I have always been worrying the environmental impact of the cadmium. Could some one show me that the cadmium used in the photovoltaic has little or no environmental impact please?
There is a spark in every single flame bait point.
a)How long do they last
b)How fragile are they
c)What temperature ranges can they survive
d)How strong light do they need
e)What environmental impact will the cadmium have
Sure, if it works all will be happy and dandy, but I somehow suspect there are some catches not mentioned here.
Cadmium... so not RoHS compliant, so not saleable at all in Europe and many other parts of the world. Oh dear.
I wonder if RoHS will be relaxed for solar energy?
Oolite: Elite-like game. For Mac, Linux and Windows
Unless they have no alternative to home-generated electricity, the cost of alternative generation systems is an uneconomic solution for most people.
I too live off-grid, in a small observatory at the top of a high mountain.
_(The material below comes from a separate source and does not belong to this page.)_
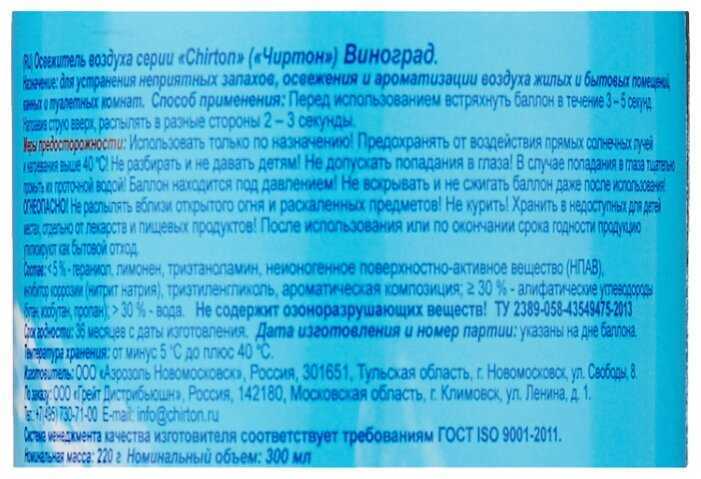 22 отзывов пользователей o Chirton аэрозоль Виноград, 300 мл

Even though the cost of AC mains to the site was well-beyond my means, the only reason I could afford to generate my own electricity was because I work in the electrical industry and got the batteries, heavy cable, components for regulators and inverters, etc, for free.
The only things I had to pay for was the PV array and that was not a trivial expense, at $10 per-watt, excluding taxes and shipping.
My off-grid system works very well, but it requires a lot of on-going TLC, far more than most people I know could be bothered with providing. They want systems they don't have to think about and which "just work". Few have the self-discipline and willpower required to minimise their loads, letalone perform regular maintenance checks.
I've always been a Renewable Energy geek, but if I could have got an affordable AC mains connection to my site, I would have one. As much as I love playing with windgens and solar setups, with a wife and two kids now, I simply don't have as much free time on my hands as I used to.
Exactly! $1 a watt panels are darn expensive if they only last 5 years.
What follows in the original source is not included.